Copied and pasted and the value I got was : 0.0004254 for PD

Could you please tell me what were the values of PD? Because I tried it on both VC++ 6 and 9..and both the versions i have the same problem. My value is 7.44061*10^7, the value remains the same for the whole for loop. Were you getting different values throughout? I am really confused in this regard.

Hi ,

I went through the code that I posted, I made a mistake in typing the lambda value. lambda=532*10^-07 You are getting the value of PD different in every case because the k term is no longer 10^7 value. k=1.18105*10^7 r values in the code are of the order 10^-05, the r values are negligible when we add it to 36.96 and then we when we multiply with a value of the order 10^07, there is a significant difference in values if we do not consider that truncation as well.

This is what I was asking about. How can I avoid the truncation that occurs when I do the step r[n][m]+pinDrec ?

Could somebody please help me with this problem?

Could you post a short, compilable code example where I could see the problem ?

Could you post a short, compilable code example where I could see the problem ?
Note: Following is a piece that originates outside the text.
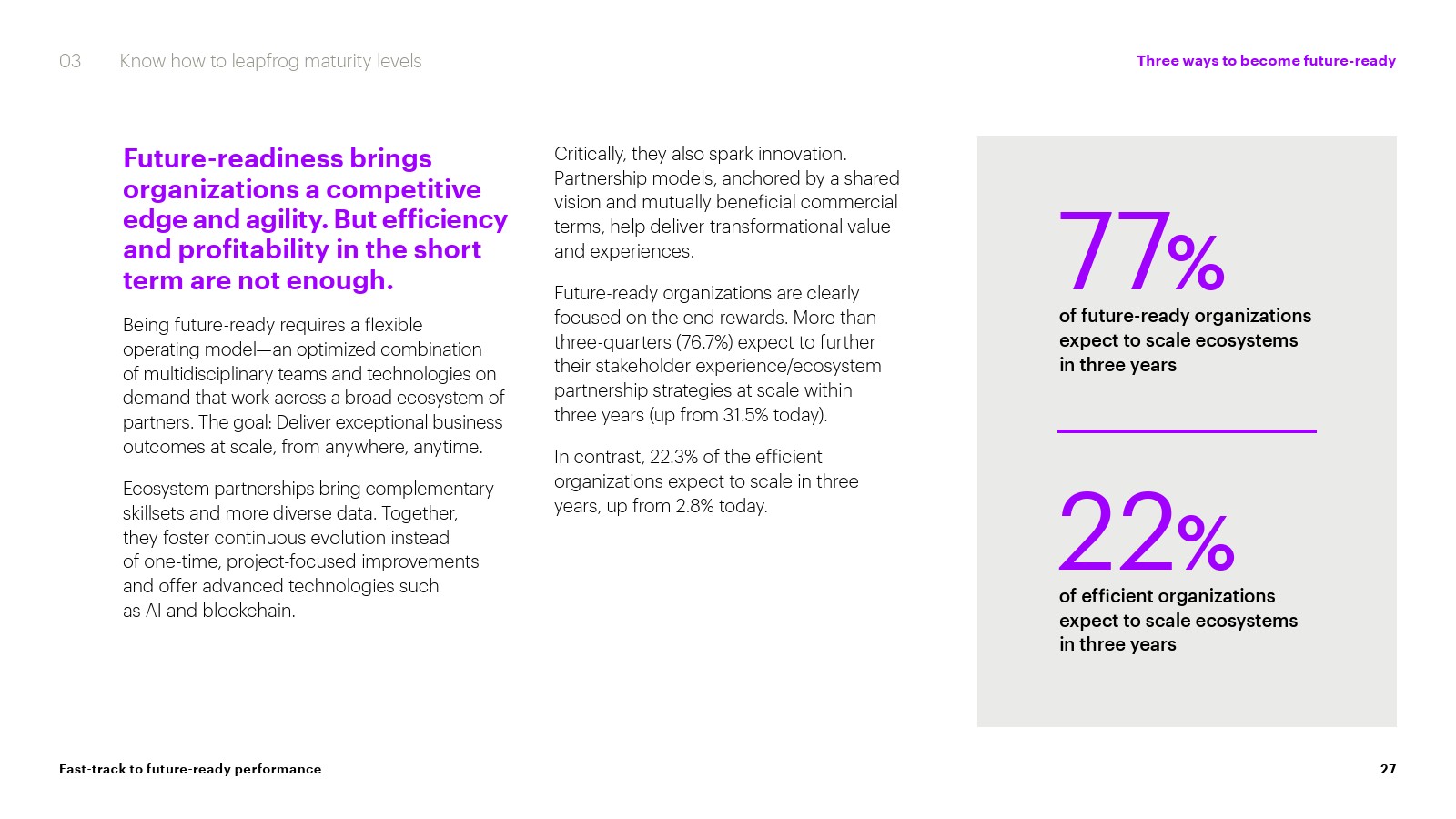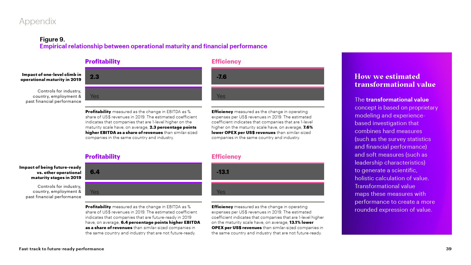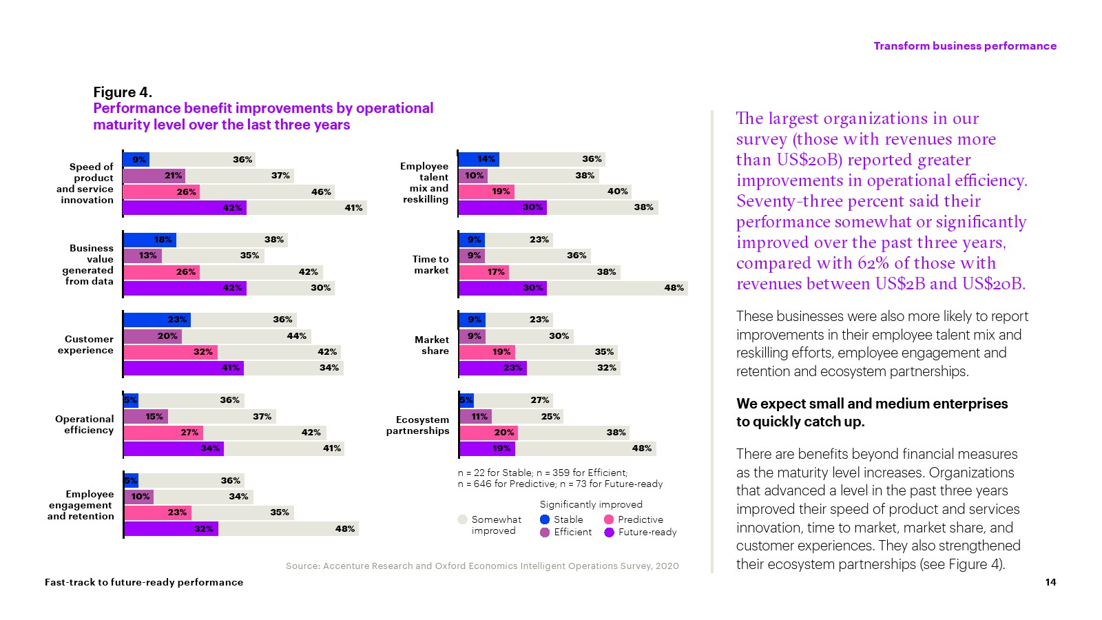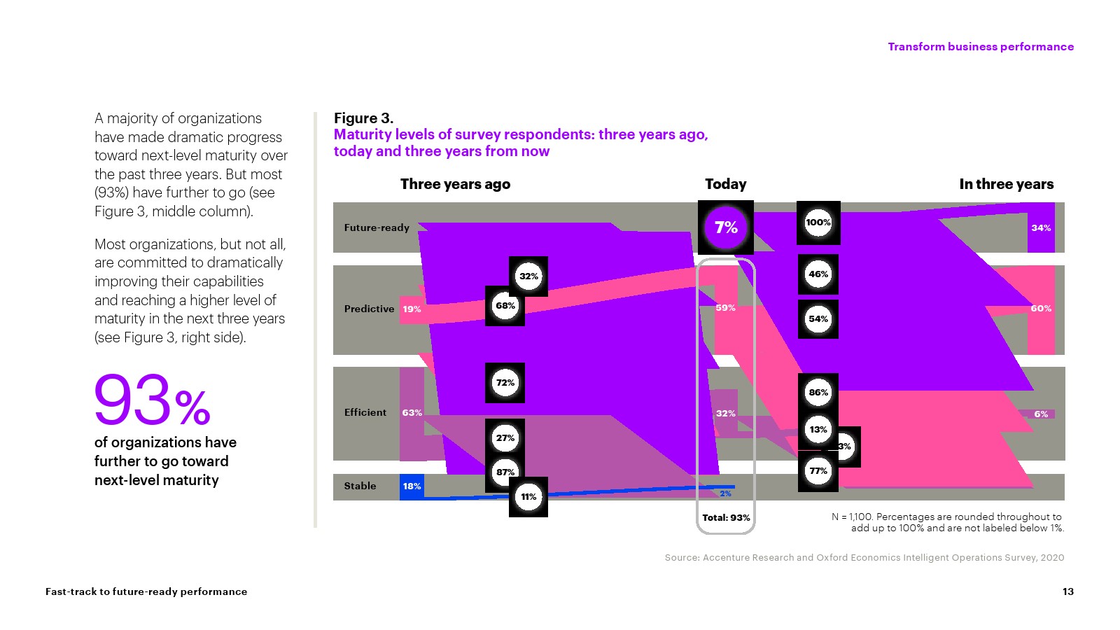 云:90%的面向未来的企业大规模使用云基础设施(其他企业为76%),78%的企业还在探索新的领域来扩展和最大化价值。机器智能:71%的面向未来的企业已经完全采用了人工智能和数据科学功能,38%的企业现在扩展了人工智能实践,而其他企业的这一比例仅为3%。规模化自动化:2/3的面向未来的企业(67%)采用了端到端数字化流程,58%的企业继续扩展领先实践,而其他企业的这一比例分别为32%和6%。预计到2023年,82%的公司将扩大领先实践的规模。更智能的数据:面向未来的企业使用大规模分析的可能性是其他企业的10倍以上(52% vs 5%),与更好、更多样化的数据集(45% vs 6%)相结合,以产生可操作的见解并为决策提供信息。敏捷的员工队伍:34%的面向未来的企业大规模采用了敏捷员工队伍战略,而其他企业中只有4%。埃森哲估计,到2023年,71%的公司将采用灵活的劳动力战略。目前,所有行业的企业都处于不同的运营成熟度水平。调查结果表明,保险业(10%)和高科技行业(9%)面向未来的企业所占比例普遍高于其他行业。但是,随着疫情迫使数字化加速,埃森哲预测,到2023年一些行业将实现飞跃,汽车(48%)、保险(42%)和银行业(37%)预计将成为领跑者。

My code is given below. PD value is where I have my problem.

Nx=1280;
Ny=960;
double pinhole_ccd_D_rec=6.3;
double lambda=5.32*10^-07
double pinDrec=pow(pinhole_ccd_D_rec,2);
double k=2*pi/lamda;//[1.18105e+07]
 for (m=0;m<Nx;m++)
   { for(n=0;n<Ny;n++)
 	{ 	x[n][m]=(1+m-Nx/2); y[n][m]=(1+n-Ny/2);
	        r[n][m]= pow((x[n][m]*dx),2)+ pow((y[n][m]*dy),2);
                PD=k*sqrt(r[n][m]+pinDrec);
            }
   }

thank you.

e lambda=5.32*10^-07

You do know that '^' is called XOR and is not "to the power of"
operator ?

10 ^ -07 != 0.0000001;

e lambda=5.32*10^-07

You do know that '^' is called XOR and is not "to the power of"
operator ?

10 ^ -07 != 0.0000001;

yes i do know..

Nx=1280;
Ny=960;
double pinhole_ccd_D_rec=6.3;
double lambda=5.32*pow(10,-7);
double pinDrec=pow(pinhole_ccd_D_rec,2);
double k=2*pi/lamda;//[1.18105e+07]
 for (m=0;m<Nx;m++)
   { for(n=0;n<Ny;n++)
 	{ 	x[n][m]=(1+m-Nx/2); y[n][m]=(1+n-Ny/2);
	        r[n][m]= pow((x[n][m]*dx),2)+ pow((y[n][m]*dy),2);
                PD=k*sqrt(r[n][m]+pinDrec);
            }
   }

Is it possible to post your complete code, if its not to big?

Yes, please post a short test code that compiles.